Yesterday I picked up my first Black Piranha.. I've had several Red Bellied ones before, but they were pusses. Even though its the first day, I decided to drop a few gold fish in to watch it maul. I mean, i've read stories about how it doesn't care and it will just maul anything in its path. But its like they have become friends!!

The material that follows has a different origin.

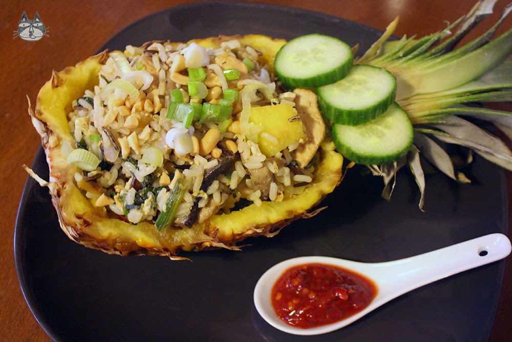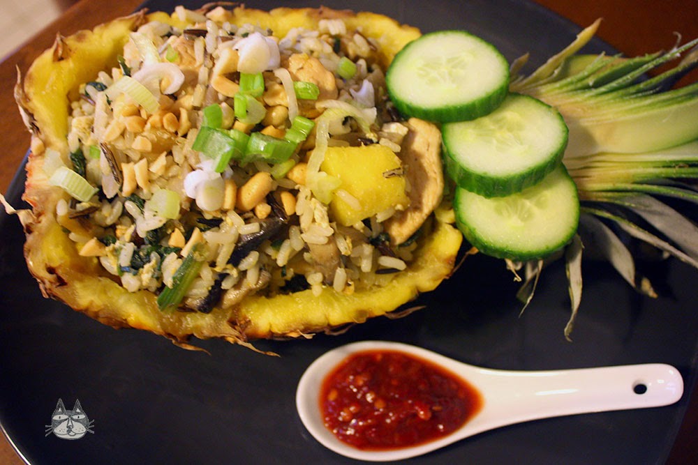 7. Remove from the heat and serve in the hollowed out pineapple shell – or on a plate if you used canned pineapples. Garnish with the chopped peanuts and spring onions. Have a side dish of sambal or chilli sauce if you want to have a spice kick!

When will he eat?! And how can I motivate him to start eating more live fish, because I think the guy at the aquarium centre just fed him dead shrimp...

p.s. He looks amazing!


----------



## GloomCookie (Dec 30, 2003)

i got myself a 6 inch black rhom from my lfs on aspecial order. i had him for about a month and he was a wuss. all he did was chill out and act like... a normal fish no serial killer here. It really depends on the fish whether or not he will be a killer. jsut hang in there and appreciate your new fish.

also try maybe bringing the temp up to 80degrees or so, i have been told this will make the P's a bit more aggressive.


----------



## IDONTKARE47 (Jan 5, 2004)

the rhom is still adjusting to his new home.


----------



## aleechin (Feb 13, 2004)

Nevermind, I just came back from the gym, and to my pleasure i saw a fish head in the bottom of my tank.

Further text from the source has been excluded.